Revisiting the Random Subset Sum problem

TL;DR

This paper provides a more elementary and direct proof for a known result about the randomised subset sum problem, showing that a small sample size suffices for high-probability approximations across a range.

Contribution

It offers an alternative, simpler proof of a key theorem in the random subset sum problem using elementary methods.

Findings

A new proof approach for the subset sum approximation theorem.

Confirmation that a logarithmic sample size suffices for high-probability approximations.

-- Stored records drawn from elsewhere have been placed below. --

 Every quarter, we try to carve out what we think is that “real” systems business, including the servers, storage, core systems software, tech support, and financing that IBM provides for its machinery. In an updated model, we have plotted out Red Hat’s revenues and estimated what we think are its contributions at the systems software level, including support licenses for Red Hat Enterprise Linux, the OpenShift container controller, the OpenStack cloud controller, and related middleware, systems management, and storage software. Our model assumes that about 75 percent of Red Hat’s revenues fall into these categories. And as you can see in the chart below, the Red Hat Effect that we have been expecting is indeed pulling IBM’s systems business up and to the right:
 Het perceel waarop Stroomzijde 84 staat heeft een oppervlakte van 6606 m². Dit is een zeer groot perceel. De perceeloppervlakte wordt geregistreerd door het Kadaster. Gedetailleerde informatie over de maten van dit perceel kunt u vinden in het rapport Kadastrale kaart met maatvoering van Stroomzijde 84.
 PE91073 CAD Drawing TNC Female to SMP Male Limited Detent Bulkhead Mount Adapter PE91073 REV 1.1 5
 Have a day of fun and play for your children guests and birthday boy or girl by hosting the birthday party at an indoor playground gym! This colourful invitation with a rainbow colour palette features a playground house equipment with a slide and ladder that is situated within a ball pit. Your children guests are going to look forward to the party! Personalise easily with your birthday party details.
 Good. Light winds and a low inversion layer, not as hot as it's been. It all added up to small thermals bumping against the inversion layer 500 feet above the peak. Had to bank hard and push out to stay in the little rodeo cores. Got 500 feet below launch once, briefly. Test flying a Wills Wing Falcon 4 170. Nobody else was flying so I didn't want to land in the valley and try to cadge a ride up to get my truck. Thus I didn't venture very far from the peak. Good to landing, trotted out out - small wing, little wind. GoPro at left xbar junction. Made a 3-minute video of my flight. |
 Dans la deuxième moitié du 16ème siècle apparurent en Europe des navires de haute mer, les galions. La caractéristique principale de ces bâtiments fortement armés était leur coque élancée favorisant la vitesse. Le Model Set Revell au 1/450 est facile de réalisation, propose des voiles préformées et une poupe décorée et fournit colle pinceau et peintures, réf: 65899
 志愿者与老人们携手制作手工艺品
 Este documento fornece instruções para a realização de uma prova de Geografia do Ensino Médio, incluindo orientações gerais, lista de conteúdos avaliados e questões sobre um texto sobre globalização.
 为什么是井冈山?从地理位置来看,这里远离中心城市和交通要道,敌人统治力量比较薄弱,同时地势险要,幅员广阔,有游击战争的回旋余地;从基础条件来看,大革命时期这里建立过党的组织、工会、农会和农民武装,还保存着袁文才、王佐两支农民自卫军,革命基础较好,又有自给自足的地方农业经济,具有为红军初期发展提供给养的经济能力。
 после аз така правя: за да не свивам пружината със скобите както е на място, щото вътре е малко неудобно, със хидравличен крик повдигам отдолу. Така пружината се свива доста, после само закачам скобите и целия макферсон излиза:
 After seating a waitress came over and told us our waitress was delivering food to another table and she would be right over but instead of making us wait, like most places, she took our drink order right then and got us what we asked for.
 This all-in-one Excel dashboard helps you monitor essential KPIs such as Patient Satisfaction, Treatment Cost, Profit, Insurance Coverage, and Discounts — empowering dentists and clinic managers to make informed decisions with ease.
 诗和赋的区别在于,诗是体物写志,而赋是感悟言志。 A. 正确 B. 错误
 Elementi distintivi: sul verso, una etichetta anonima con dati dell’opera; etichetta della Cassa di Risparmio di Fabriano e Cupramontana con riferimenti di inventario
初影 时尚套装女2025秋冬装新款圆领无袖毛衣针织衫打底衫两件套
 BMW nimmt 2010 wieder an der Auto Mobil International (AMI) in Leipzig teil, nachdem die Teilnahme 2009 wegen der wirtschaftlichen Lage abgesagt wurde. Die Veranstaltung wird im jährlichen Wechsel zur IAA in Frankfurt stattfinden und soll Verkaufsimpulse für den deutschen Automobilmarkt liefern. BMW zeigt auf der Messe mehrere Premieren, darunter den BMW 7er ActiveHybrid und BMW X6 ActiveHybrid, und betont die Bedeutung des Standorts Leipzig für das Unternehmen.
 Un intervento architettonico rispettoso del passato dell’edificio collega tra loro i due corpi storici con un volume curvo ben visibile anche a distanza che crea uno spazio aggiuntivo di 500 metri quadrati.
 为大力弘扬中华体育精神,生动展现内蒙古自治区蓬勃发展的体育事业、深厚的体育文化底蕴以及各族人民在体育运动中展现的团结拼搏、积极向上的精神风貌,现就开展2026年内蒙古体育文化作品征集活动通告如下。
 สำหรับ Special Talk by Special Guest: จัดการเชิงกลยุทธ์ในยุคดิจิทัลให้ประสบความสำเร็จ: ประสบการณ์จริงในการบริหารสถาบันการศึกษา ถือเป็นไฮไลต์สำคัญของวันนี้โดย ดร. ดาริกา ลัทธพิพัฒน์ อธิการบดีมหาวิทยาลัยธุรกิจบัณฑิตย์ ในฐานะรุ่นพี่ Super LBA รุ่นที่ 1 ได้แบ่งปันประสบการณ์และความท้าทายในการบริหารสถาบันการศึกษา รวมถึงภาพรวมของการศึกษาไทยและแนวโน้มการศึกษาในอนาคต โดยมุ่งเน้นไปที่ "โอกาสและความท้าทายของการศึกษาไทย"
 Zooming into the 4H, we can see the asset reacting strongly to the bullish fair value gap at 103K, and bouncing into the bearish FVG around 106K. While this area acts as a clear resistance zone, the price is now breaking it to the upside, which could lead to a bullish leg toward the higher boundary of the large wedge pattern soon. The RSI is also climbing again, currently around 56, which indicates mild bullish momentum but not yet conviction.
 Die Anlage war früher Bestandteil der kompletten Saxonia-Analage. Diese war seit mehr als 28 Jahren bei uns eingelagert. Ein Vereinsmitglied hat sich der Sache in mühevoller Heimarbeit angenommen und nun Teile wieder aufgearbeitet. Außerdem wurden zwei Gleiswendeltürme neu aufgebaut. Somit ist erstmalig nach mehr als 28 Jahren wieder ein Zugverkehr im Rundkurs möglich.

Enhanced understanding of the problem's properties through elementary techniques.

Abstract

The average properties of the well-known Subset Sum Problem can be studied by the means of its randomised version, where we are given a target value $z$, random variables $X_1, \ldots, X_n$, and an error parameter $\varepsilon > 0$, and we seek a subset of the $X_i$s whose sum approximates $z$ up to error $\varepsilon$. In this setup, it has been shown that, under mild assumptions on the distribution of the random variables, a sample of size $\mathcal{O}(\log(1/\varepsilon))$ suffices to obtain, with high probability, approximations for all values in $[-1/2, 1/2]$. Recently, this result has been rediscovered outside the algorithms community, enabling meaningful progress in other fields. In this work we present an alternative proof for this theorem, with a more direct approach and resourcing to more elementary tools.